FIG. 3 schematically illustrates a data processing system in which embodiments of the present invention may be implemented.

DETAILED DESCRIPTION OF PREFERRED EMBODIMENTS

To obtain higher quality images for a camera-captured document image, deconvolution can be utilized to reduce blur in the image. Because the amount of defocus is dependent on location, a single point spread function (PSF) is not a good representation of the imaging system. Embodiments of the present invention provide an adaptive deblurring method to improve the image quality locally.

Optical blurring can be well modeled as low pass filtering that significantly reduces high spatial frequency signals in images. As a result, the impact of defocus on images is most significant on edges. By analyzing the intensity variations across edges in an image, the edge response of the camera can be estimated if it is assumed the edges in the targets (the objects being photographed) are sharp, as is the case in many documents, where characters and the background often form sharp transitions in intensities. Others have described methods by which sharp edges are artificially created in images as targets, and the printed image is scanned back where the edges are used to obtain a PSF for the scanner. See, for example, Smith, E. H. B.: PSF Estimation by Gradient Descent Fit to the ESF, Proceedings of SPIE, Vol. 6059 (2006) 129-137. In embodiments of the present invention, edges (often complex) that naturally exist in the document image itself are utilized to obtain local PSFs for the image.

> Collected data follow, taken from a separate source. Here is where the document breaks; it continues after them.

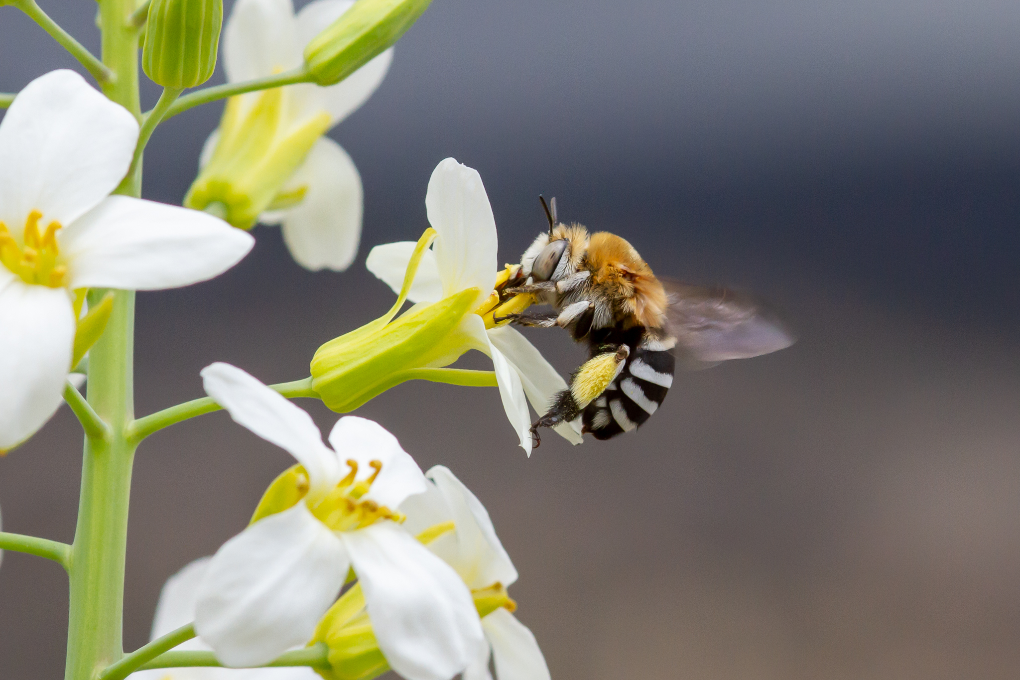 Amegilla quadrifasciata | species | Brassica oleracea | species | visitsFlowersOf | Animalia | Arthropoda | Insecta | Hymenoptera | Apidae | Amegilla | Plantae | Tracheophyta | Magnoliopsida | Brassicales | Brassicaceae | Brassica | 28.24705 | -16.434341 | 2021 | 4 | 15 | http://creativecommons.org/licenses/by-nc/4.0/ | https://www.inaturalist.org/observations/74066897 | |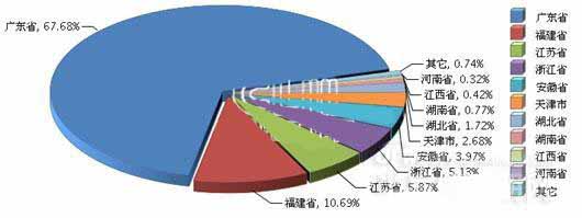 2015年1~6月,全國(guó)發(fā)光二極管(LED)累計(jì)產(chǎn)量1774.54億只,同比增長(zhǎng)37.33%。比重主要集中在廣東省、福建省、江蘇省、浙江省、安 徽省等地區(qū)。其中:廣東省完成累計(jì)產(chǎn)量1201.05萬萬只(占67.68%),同比增長(zhǎng)58%。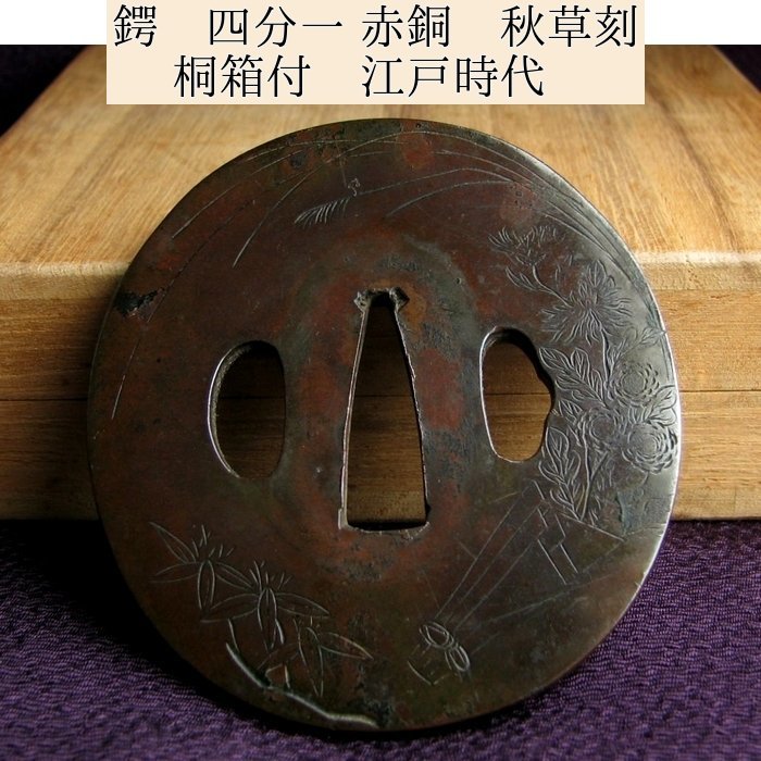 - 時代武具 鍔 四分一 赤銅 秋草刻 桐箱付 江戸時代/鐔/23j009

Optical blurring can be caused by defocus, non-defocus aberrations, light scatter, and the combination of the three. See Tian, Y., Shieh, K., Wildsoet, C. F.: Performance of Focus Measures in the Presence of Non-defocus Aberrations, Journal of the Optical Society of America A (2007) 165-173 (hereinafter “Tian et al. 2007”). Asymmetric PSFs may arise due to significant amount of non-defocus asymmetric aberrations such as astigmatism and coma, but for small amount of non-defocus aberrations in human-designed optical systems such as cameras, their impact on blur is trivial. See Tian et al. 2007. The impact of light scatter is usually rotationally symmetric. For simplicity, in embodiments of the present invention, only optical blurring that is symmetric in at least one dimension is considered, which allows reconstructing two dimensional PSFs from one dimensional edge responses with the assumption that the PSFs are near Gaussian.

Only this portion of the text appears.